Fernanda Castiglioni Tessari

A suspeição de endocardite infecciosa (EI) se dá a partir a interpretação conjunta da história clínica, achados do exame físico, exames laboratoriais e de imagem. A apresentação clínica muito variável torna o diagnóstico desafiador, sendo que de maneira geral devemos sempre considerar a possibilidade de EI em pacientes com febre de origem indeterminada na presença de fatores de risco, especialmente na presença de hemoculturas positivas para germes típicos, como veremos adiante neste curso. 

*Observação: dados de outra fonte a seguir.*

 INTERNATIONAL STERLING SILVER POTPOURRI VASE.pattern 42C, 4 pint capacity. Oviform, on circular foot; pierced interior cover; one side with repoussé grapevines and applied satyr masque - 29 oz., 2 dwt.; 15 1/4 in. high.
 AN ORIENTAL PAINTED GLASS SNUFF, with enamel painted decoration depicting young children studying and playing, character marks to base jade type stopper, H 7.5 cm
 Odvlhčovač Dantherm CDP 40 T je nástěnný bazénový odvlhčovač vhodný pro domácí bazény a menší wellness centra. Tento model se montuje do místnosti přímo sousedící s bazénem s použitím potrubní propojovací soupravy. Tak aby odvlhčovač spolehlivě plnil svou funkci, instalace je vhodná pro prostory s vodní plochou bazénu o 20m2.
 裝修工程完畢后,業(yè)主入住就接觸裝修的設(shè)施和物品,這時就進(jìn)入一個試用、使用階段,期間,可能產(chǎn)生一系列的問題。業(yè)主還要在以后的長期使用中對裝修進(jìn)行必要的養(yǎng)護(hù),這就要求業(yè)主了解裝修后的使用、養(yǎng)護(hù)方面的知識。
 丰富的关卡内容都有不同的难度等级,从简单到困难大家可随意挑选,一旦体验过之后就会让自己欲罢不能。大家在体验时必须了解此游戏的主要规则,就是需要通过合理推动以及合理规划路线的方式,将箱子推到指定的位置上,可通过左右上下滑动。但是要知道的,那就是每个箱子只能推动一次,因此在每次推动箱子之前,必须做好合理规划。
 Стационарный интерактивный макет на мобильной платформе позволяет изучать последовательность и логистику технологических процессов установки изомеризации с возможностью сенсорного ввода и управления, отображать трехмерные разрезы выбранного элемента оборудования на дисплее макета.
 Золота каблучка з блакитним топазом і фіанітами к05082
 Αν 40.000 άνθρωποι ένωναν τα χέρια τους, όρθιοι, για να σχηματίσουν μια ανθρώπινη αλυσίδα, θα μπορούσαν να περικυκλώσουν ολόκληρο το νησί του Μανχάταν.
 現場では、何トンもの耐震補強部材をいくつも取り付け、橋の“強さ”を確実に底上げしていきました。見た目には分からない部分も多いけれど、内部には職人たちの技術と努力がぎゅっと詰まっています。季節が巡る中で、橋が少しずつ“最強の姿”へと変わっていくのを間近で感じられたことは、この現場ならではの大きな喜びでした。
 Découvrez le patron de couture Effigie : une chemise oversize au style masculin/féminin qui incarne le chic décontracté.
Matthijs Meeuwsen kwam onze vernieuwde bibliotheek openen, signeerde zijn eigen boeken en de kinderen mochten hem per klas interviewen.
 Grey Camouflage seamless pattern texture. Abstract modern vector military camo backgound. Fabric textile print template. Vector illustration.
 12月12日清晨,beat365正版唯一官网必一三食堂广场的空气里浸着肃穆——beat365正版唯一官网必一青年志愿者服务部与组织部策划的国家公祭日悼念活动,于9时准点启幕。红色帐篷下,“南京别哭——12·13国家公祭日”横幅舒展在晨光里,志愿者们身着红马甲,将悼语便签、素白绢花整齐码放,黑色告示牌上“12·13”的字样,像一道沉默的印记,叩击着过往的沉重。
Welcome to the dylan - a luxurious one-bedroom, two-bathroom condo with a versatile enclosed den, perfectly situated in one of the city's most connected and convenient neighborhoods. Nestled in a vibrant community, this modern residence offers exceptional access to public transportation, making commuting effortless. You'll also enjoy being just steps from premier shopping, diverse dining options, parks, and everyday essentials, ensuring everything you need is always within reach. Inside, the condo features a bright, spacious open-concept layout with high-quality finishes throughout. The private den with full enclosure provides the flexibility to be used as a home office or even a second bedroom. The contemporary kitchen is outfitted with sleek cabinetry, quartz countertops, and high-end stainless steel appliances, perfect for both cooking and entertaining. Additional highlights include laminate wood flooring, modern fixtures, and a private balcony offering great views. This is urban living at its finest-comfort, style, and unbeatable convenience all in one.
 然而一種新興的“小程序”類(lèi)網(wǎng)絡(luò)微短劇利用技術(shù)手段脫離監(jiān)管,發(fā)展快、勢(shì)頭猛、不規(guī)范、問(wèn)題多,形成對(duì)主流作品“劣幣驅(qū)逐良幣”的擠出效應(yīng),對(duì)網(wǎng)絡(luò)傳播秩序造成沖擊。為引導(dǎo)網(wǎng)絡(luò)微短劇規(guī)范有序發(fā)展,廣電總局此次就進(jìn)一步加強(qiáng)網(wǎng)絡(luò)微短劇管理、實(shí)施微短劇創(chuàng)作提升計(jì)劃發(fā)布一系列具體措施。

A depender do agente etiológico e do status clínico do paciente, a endocardite infecciosa pode apresentar-se de duas formas: aguda e subaguda ou crônica. A forma aguda caracteriza-se por ser uma doença agressiva, de rápida evolução e alta letalidade, cursando com destruição valvar e insuficiência cardíaca aguda. Já a apresentação subaguda ou crônica caracteriza-se por seu curso indolente, com febre baixa e sintomas constitucionais inespecíficos. 

A avaliação clínica inicial inclui a pesquisa de fatores de risco e a realização de um exame físico minucioso buscando sinais característicos da EI e também possíveis portas de entrada para os microorganismos causadores da doença, como má higiene bucal e doenças periodontais, por exemplo. Entretanto, devemos ter em mente que a ausência destes sinais de maneira isolada não exclui o diagnóstico de EI.

Febre é o sintoma mais comum (quase 80% dos casos), e é frequente a presença de sopro cardíaco (mais de 60% dos casos) e de insuficiência cardíaca (cerca de 30%). Eventos embólicos e distúrbios de condução são complicações relativamente frequentes, assim como eventos vasculares e imunológicos classicamente associados à EI.

Fenômenos Vasculares Fenômenos imunológicos
Eventos embólicos arteriais periféricos e viscerais (ex: infarto esplênico) Nódulos de Osler (pequenas elevações dolorosas na face anterior da ponta dos dedos)
Lesões de Janeway (pequenas lesões indolores eritematosas ou hemorrágicas nas palmas das mãos e planta dos pés) Manchas de Roth (manchas retinianas hemorrágicas com centro esbranquiçado)
Hemorragia conjuntival Fator reumatoide positivo
Aneurisma micótico, hemorragia intracraniana Glomerulonefrite

 

Pacientes idosos e imunocomprometidos podem cursar com apresentações atípicas, e alto grau de suspeição deve ser dado aos portadores de dispositivos intracardíacos e próteses valvares.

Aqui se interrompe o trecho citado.